Avec ses lunettes rondes et sa casquette vissée sur la tête, Jason Polan affiche le look d'un jeune homme ordinaire, comme il s'en trouve treize à la douzaine. En face du Musée d'art moderne (MoMA) de New York, où nous lui avions donné rendez-vous, il se fondait dans la foule anonyme. D'ailleurs, si vous croisez Jason au hasard d'une balade dans les rues de Manhattan, vous ne le remarquerez sans doute pas. Mais, lui vous aura peut-être repéré...

Si Jason Polan a l'air d'un gars bien ordinaire, le projet qu'il a entrepris est loin de l'être. L'illustrateur de 28 ans s'est fixé l'objectif... de dessiner tous les New-Yorkais. Petite donnée non négligeable: on en recense au bas mot 8 millions!

Un projet interactif

«J'ai toujours voulu monter un projet en interaction avec le public», explique l'artiste originaire du Michigan. «J'ai déménagé à New York il y a sept ans parce que c'est l'endroit rêvé pour ça. Les New-Yorkais adorent les idées nouvelles, sont excités par les projets novateurs.» C'est ainsi qu'en mars 2008 est né son ambitieux «Every Person in New York».

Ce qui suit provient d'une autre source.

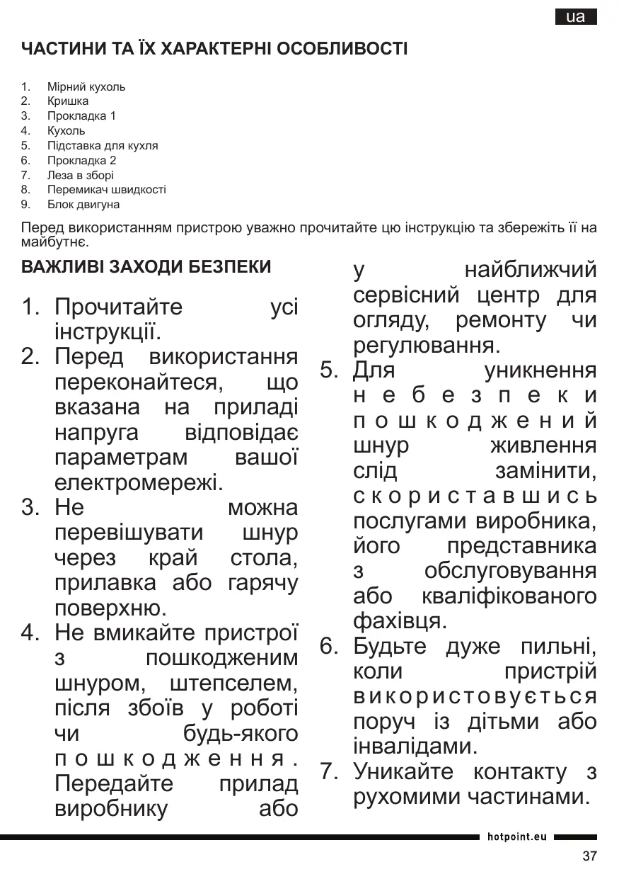 ПОСІБНИК КОРИСТУВАЧА TB 050 DXB0 HOTPOINT

Chaque jour, entre deux contrats pour le New York Times et le magazine Esquire (dans lequel il illustre les pages Opinions), Jason attrape sa plume et son calepin et se précipite dans un endroit public. À la gare Centrale, au bureau de poste ou sur le coin d'une rue, il trace le portrait des New-Yorkais qui croisent son chemin.

«Parfois, quelqu'un va attirer mon attention en raison de sa coupe de cheveux, son manteau ou la façon dont il bouge... Mais la plupart du temps, je choisis mes modèles complètement au hasard, dit-il. Si une personne réalise que je la dessine et que cela l'indispose, je cesse immédiatement. Je ne veux agresser personne.»

En vitesse et au naturel

Il faut à Jason entre dix secondes et deux minutes pour faire un croquis. Jamais il ne demande à un passant de s'immobiliser pour lui faciliter la tâche. «Cela ne fait pas naturel», explique l'artiste en quête d'authenticité. «J'adore peindre les visiteurs dans un musée parce qu'ils se déplacent lentement et prêtent attention aux tableaux sur le mur... pas à moi. Généralement, ils ne me voient même pas!»

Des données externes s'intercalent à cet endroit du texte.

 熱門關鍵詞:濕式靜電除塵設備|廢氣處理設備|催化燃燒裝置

Jason peut parfois croquer deux personnes dans une journée; parfois des centaines. Une fois à la maison, il met ses dessins en ligne sur son blogue (everypersoninnewyork.blogspot.com). «Femme en train de jouer de l'accordéon dans le métro à la Place Rockefeller», «Homme attendant quelqu'un en face du MoMA. Il y a une rose dans son journal»... Leurs titres reflètent la quotidienneté de la vie new-yorkaise.

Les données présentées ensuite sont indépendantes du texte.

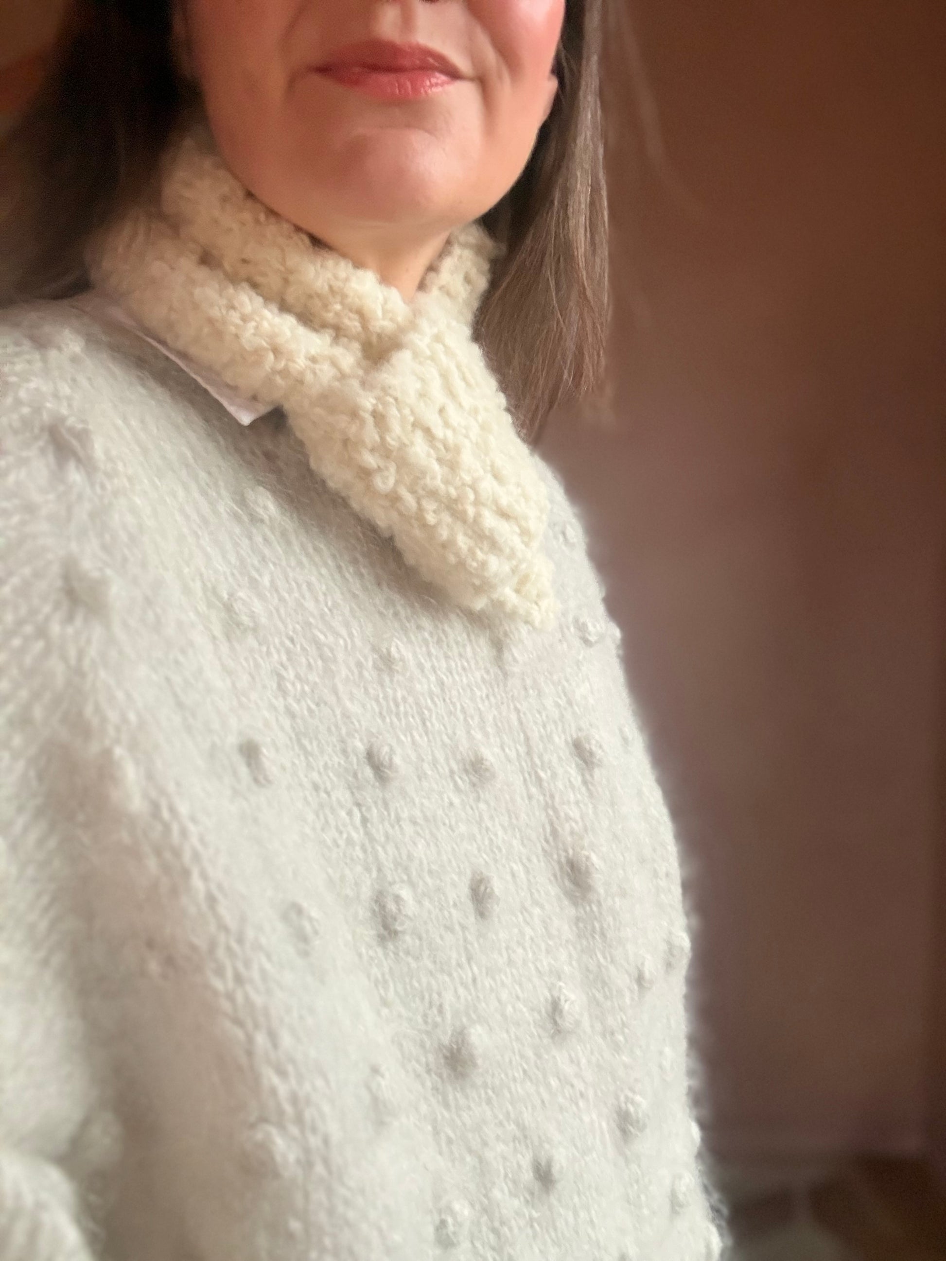 Skjerfet går en gang rundt halsen.Prøv deg gjerne fram for en annen form. Tjukkere garn vil gi et bredere skjerf, og oppskriften inneholder instruksjoner for både pinne 4,5 og pinne 8 mm. Tynnere garn vil se mer elegant ut, og gi et mer eksklusivt preg.

Cette entreprise inusitée a amené Jason Polan à faire voyager ses croquis ailleurs aux États-Unis. Une boutique de curiosités de San Fransisco exposera ses oeuvres au mois d'avril. Le marchand de jeans Levi's lui en a acheté plusieurs pour décorer les murs de ses magasins de Boston. Et depuis que le projet s'est ébruité sur le web, des étrangers planifiant un voyage dans la Grosse Pomme prennent rendez-vous avec lui pour qu'il trace leur portrait.

Le projet d'une vie

«Bien sûr, ce sera impossible de peindre tous les New-Yorkais», admet l'illustrateur. Combien en a-t-il dessiné jusqu'à maintenant? «Plus de 140 000, dégaine-t-il.C'est le projet d'une vie. Je vais le poursuivre tant et aussi longtemps que je vivrai, à moins, bien sûr, que j'aie à déménager dans une autre ville. Ma vision de l'art est assez simple. J'essaie de faire des choses que les gens apprécient.»

Une chose est sûre: «Every Person in New York» suscite la curiosité... et un brin d'admiration!